[Given information — start]
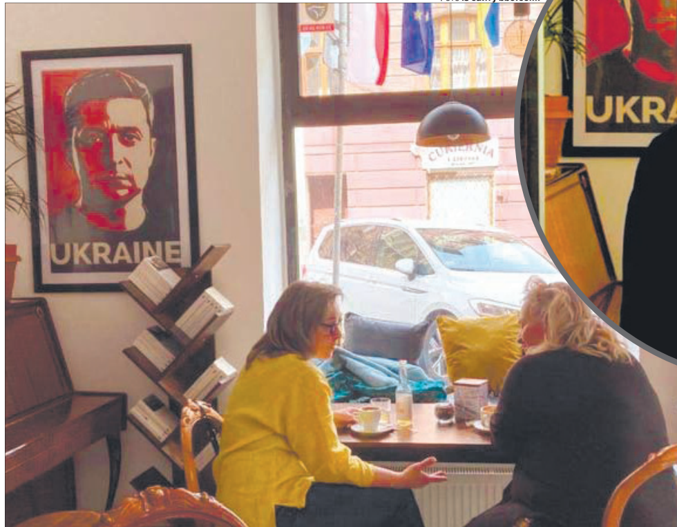
Це не просто кав'ярня, а ще й клуб за інтересами.

Але це лише зробило заклад, яким керують українки з окупованого Бердянська, відомим на всю країну
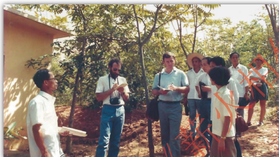
1985年，参加中美植物生理研究合作的两位犹他大学教授与华南植物所专家进行野外考察
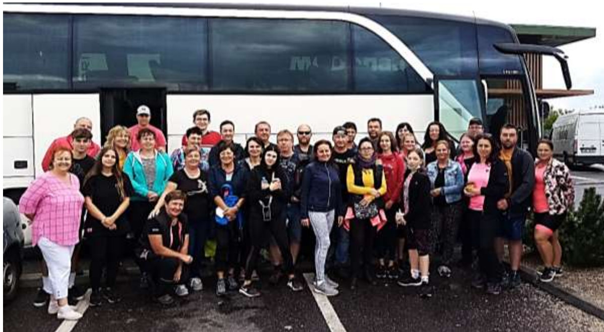
společná fotografie z cyklovýletu Milovice 2021
[Given information — finish]
Please write out the whole listing exactly, but not the pictures in it.

Це не просто кав'ярня, а ще й клуб за інтересами.

Але це лише зробило заклад, яким керують українки з окупованого Бердянська, відомим на всю країну
1985年，参加中美植物生理研究合作的两位犹他大学教授与华南植物所专家进行野外考察
společná fotografie z cyklovýletu Milovice 2021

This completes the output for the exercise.